_RECORDS FOR THE TASK_
▬▬▬▬▬▬

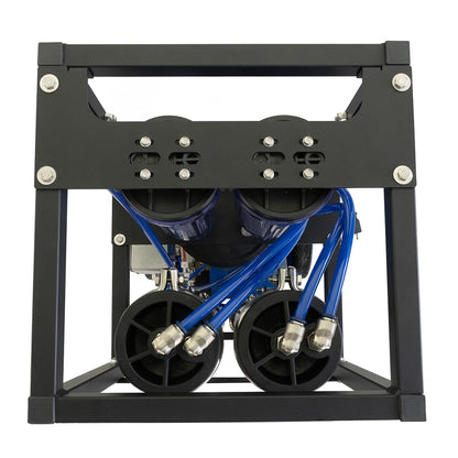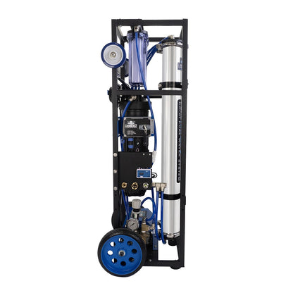 Uncage this "beast" of a water purification system; the Pure Water Power Little Beast RO/DI - 115V. This pure-water system is a powerful, compact workhorse with all of its components arranged on a powder-coated steel frame. When using tap pressure alone, it produces up to 1 gallon per minute. When using the included 115V booster pump, it can operate up to three waterfed poles at once and produce 2.5 gallons per minute. Designed to be robust, rugged, compact, and versatile, this system is mountable on your truck or portable in the field with its wheels.
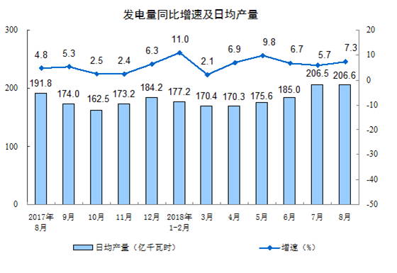 統(tǒng)計(jì)局:2018年8月份火力發(fā)電量4602 億千瓦時(shí) 同比增長(zhǎng)6.0%
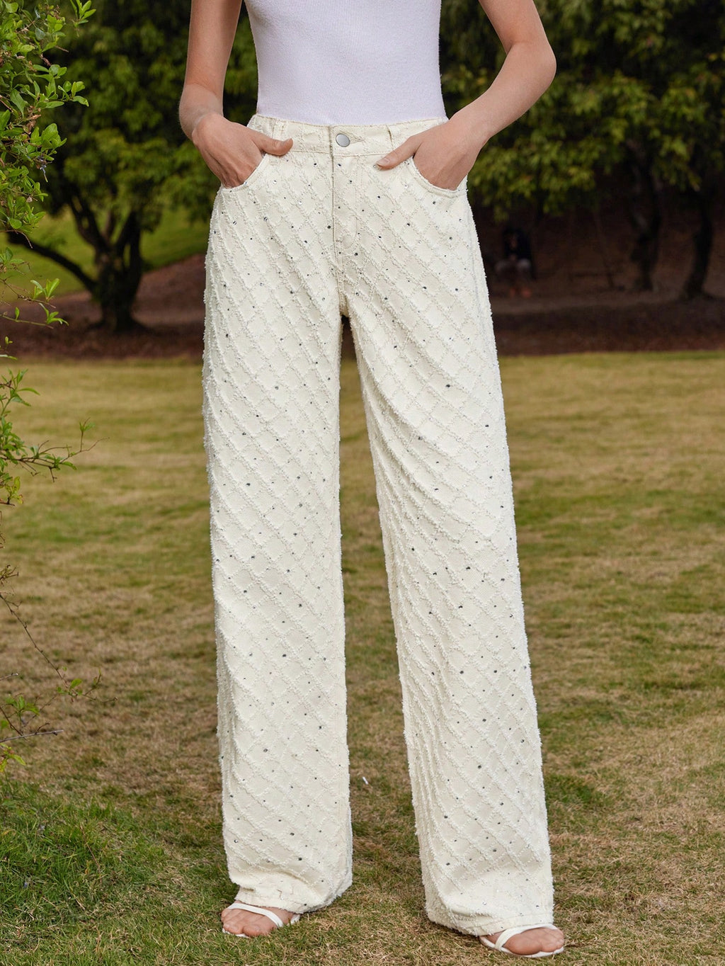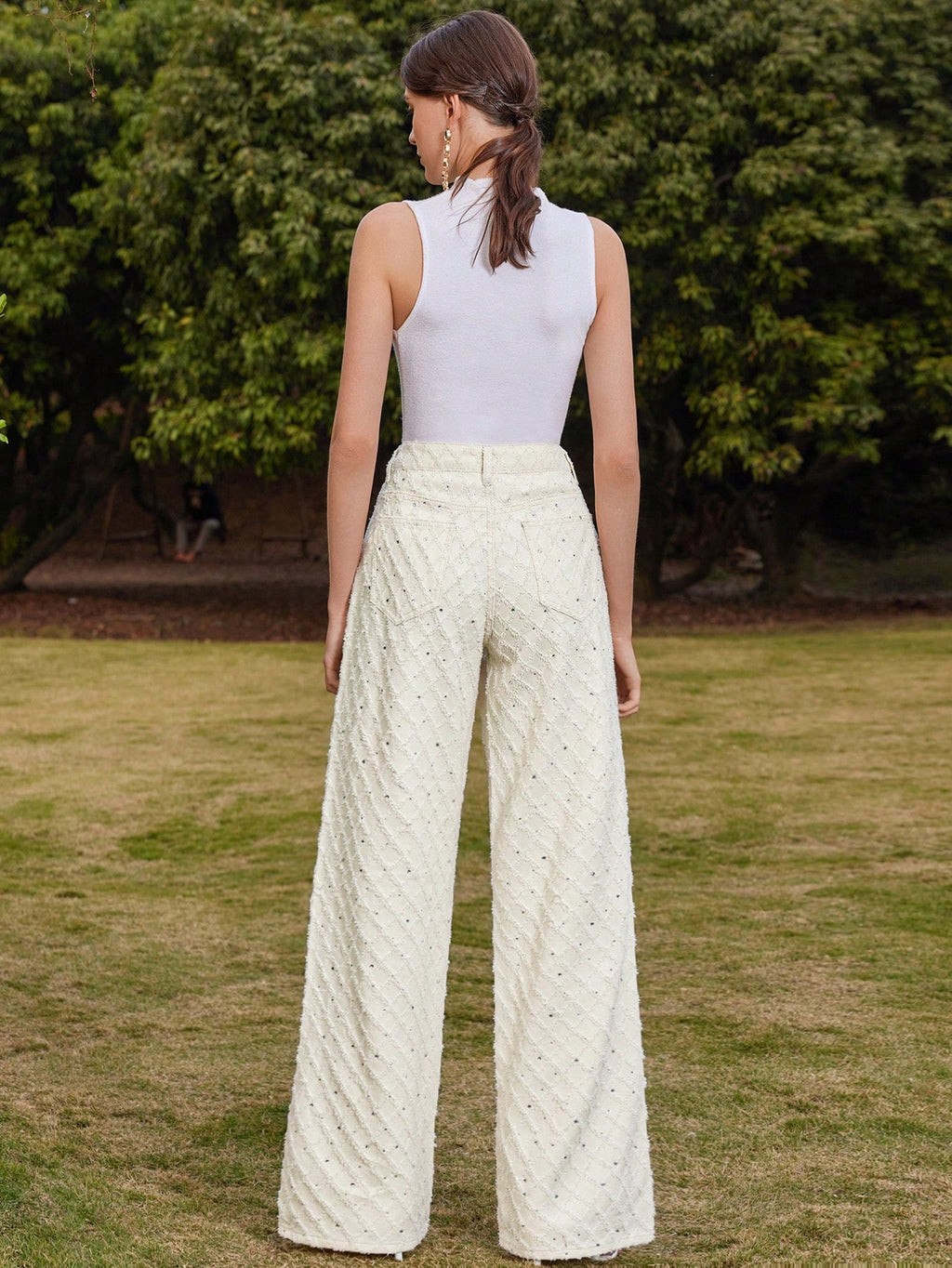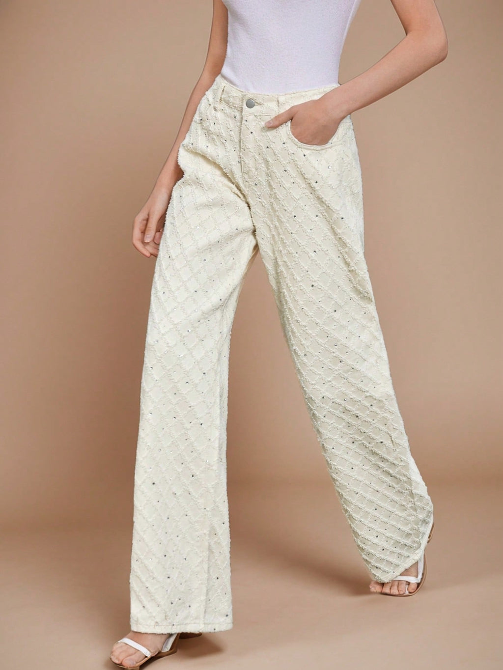 MIU Women's White Wide Leg Textured Fringe Detail Palazzo Pants, Suitable For Festival, Going Out, Vacation Outfits
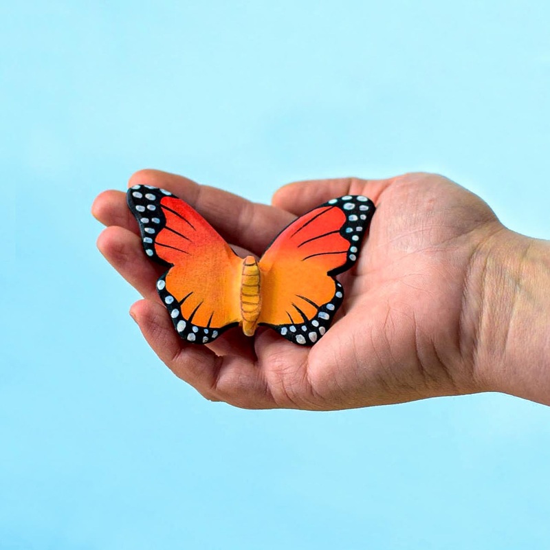 Hand-carved from sustainable wood and painted with non-toxic, water-based colors, this enchanting butterfly figurine is perfect for imaginative play and nature-themed storytelling.
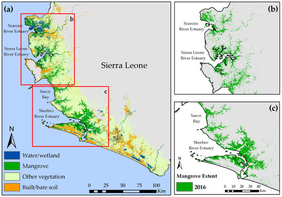 (a) Spatial distribution of the four land cover classes across the Sierra Leone coastal landscape complex for 2016. Panels show mangrove extents in (b) northern Sierra Leone (Scarcies River Estuary and Sierra Leone River Estuary) and (c) southern Sierra Leone (Yawri Bay and Sherbro River Estuary).
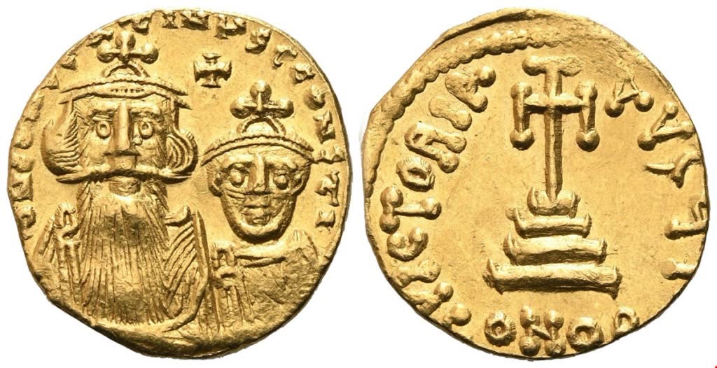 Lot 505 | Constans II (641-668) with Constantine IV, Solidus, Constantinople; AV (4,37 g; 18,7 mm; 7 h)

▬▬▬▬▬▬

_AIM OF THE EXERCISE_
Please transcribe exactly the lines from the start of the records through the line containing "MIU Women's White", leaving the pictures out.

_RESULT OF THIS TASK_
 Uncage this "beast" of a water purification system; the Pure Water Power Little Beast RO/DI - 115V. This pure-water system is a powerful, compact workhorse with all of its components arranged on a powder-coated steel frame. When using tap pressure alone, it produces up to 1 gallon per minute. When using the included 115V booster pump, it can operate up to three waterfed poles at once and produce 2.5 gallons per minute. Designed to be robust, rugged, compact, and versatile, this system is mountable on your truck or portable in the field with its wheels.
 統(tǒng)計(jì)局:2018年8月份火力發(fā)電量4602 億千瓦時(shí) 同比增長(zhǎng)6.0%
 MIU Women's White Wide Leg Textured Fringe Detail Palazzo Pants, Suitable For Festival, Going Out, Vacation Outfits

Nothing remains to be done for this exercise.